The nine pointers in this article are intertwined, inter-related and overlapping.  Returning to the first point, “Refuse to decline”, we can look further for insight into how we can maintain robust brain health well into old age.  What we do now has an effect on who we will be–cognitively–at 100.  Here’s what Daniel Pink (in DRiVE: The Surprising Truth About What Motivates Us) says about performance and cognition:

“The real pathway to enduring performance particularly for creative and conceptual tasks, are these three things: autonomy, mastery, and purpose. Autonomy is self direction, mastery is our desire to get better and better at something that matters, purpose is our desire to do what we do in the service of something larger than ourselves.
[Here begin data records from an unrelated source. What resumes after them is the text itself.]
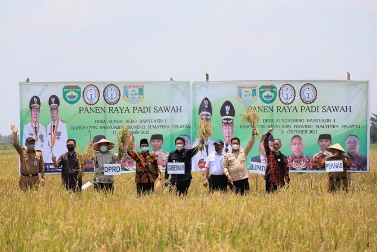 BANYUASIN.KRSumsel.com – Bersama Gubernur Sumsel H Herman Deru, Bupati Banyuasin H Askolani, Selasa (12/10/2021) untuk kesekian kalinya melaksanakan Panen Raya bersama. Kali ini mereka berdua melakukan panen raya pada lahan sawah di Desa Sungai Rebo Kabupaten Banyuasin, Sumsel.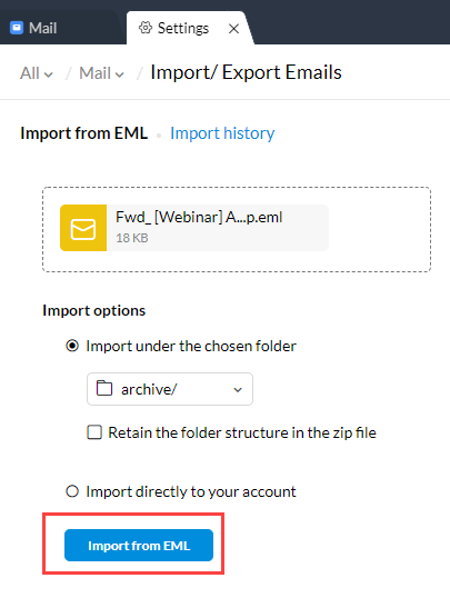 - Click on Choose file and browse an EML file or a Zip file containing EML files.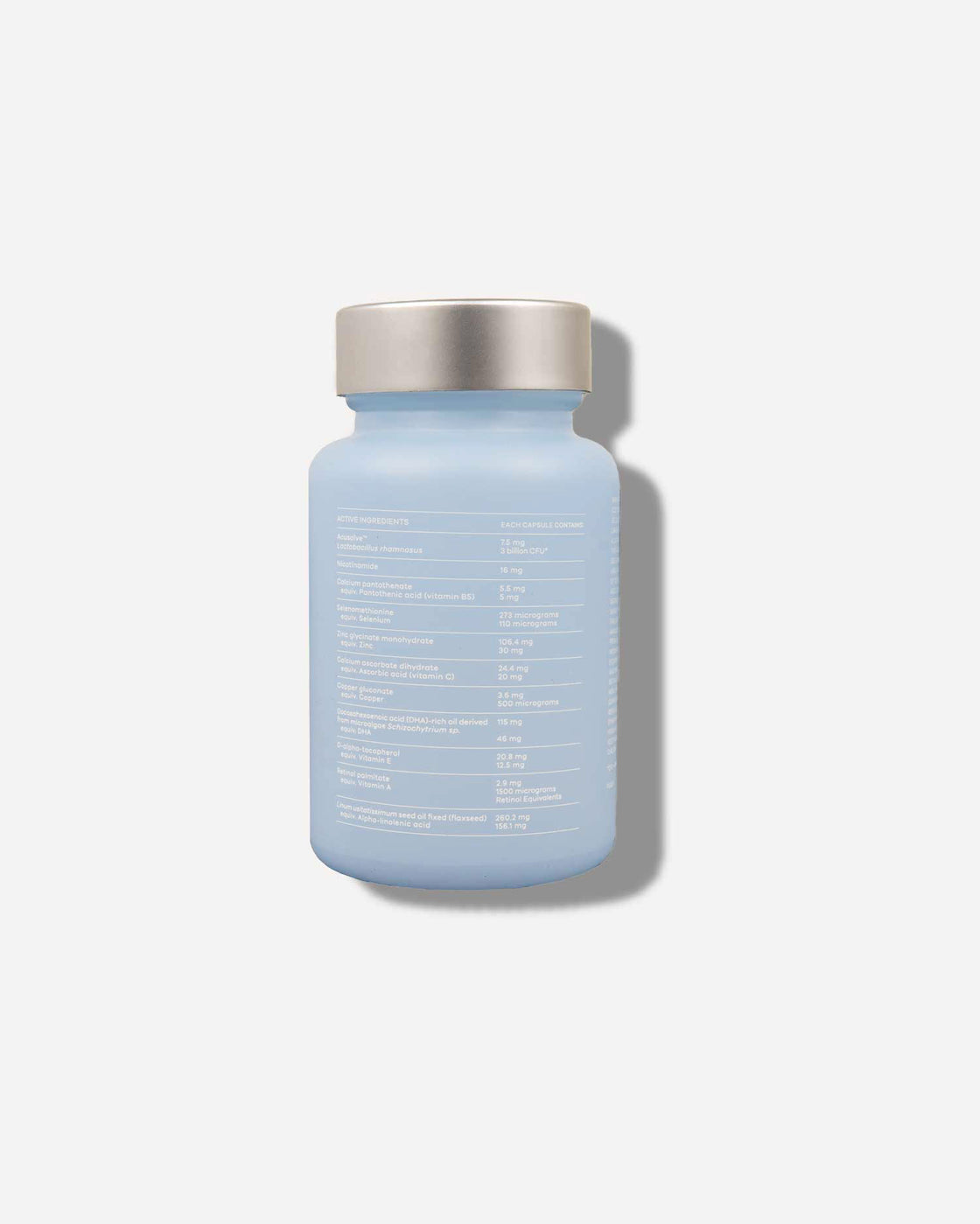 Clear 采用益生菌活性物质 AcuSolve™ 和有效剂量的富含 omega-3 的油、维生素和矿物质,采用独特的二合一胶囊技术,使身体能够吸收这种协同作用的皮肤清洁成分,否则这些成分可能无法吸收以标准胶囊形式食用。该配方在表面以下发挥作用,控制皮脂产生,中和皮肤和肠道中引起痤疮的细菌,并减少发红。

And those three building blocks are the building blocks that really lead to sustained, enduring motivation, particularly for the more complex conceptual, creative things that more and more of us are doing on the job.”

Dan has been our guest speaker in the UTD Expert Forum three times, and in February of 2010 he spoke of the Boomer challenge–of being 60 today, and how its qualitatively differently than being 60 in 1950 or1990. If you’re 60 today, maybe you have 25 or more good years left. People look back 25 years to when they were 35 and they say “That happened fast!” and may ask any or all of the following questions:

Are the next 25 years going to happen that fast?
And if they are, when am I going to do something that matters?
When am I going to leave a mark on the world?
What is my legacy going to be?
How am I going to be remembered?
When am I going to live my best life?
What is my purpose?
What contribution will I have made in my lifetime?

A dramatic quote from Pink will close this section: “When the cold front of demographics meets the warmer front of unrealized dreams, the result will be the thunderstorm of purpose, the likes of which the world has never seen.”

8.  Free yourself of the constraints of geography—go virtual.

In 1994, a year after I left my last corporate job I traveled to Sao Paulo, Brazil to present a newly created workshop to an innovative professional organization.  The title of the workshop was “The Virtual Corporation: New Strategies for a New Millennium and a Global Viewpoint.” The term “virtual corporation” came into general use in 1993, highlighted by articles in Business Week and Computerworld.  The book The Virtual Corporation by Davidow and Malone, published in 1992, defines a new kind of amorphous entity, “virtual companies…that have offices in many cities but no real physical headquarters and whose people live on the network.  …the organizations of the 21st century will be constantly reconfiguring themselves, because change is happening all the time and organizations that try to figure it out once and for all are wrong.” They envisioned  just a portion of the ultimate in connectedness we now take for granted—in business and in life. We could hardly imagine the enormous changes that would come in the 21st century and yet they reinforce these observations from the early 1990’s.

Why is the concept of the virtual corporation significant to Boomers in the second decade of the 21st century? The significance lies in the usefulness and the applicability of the concept.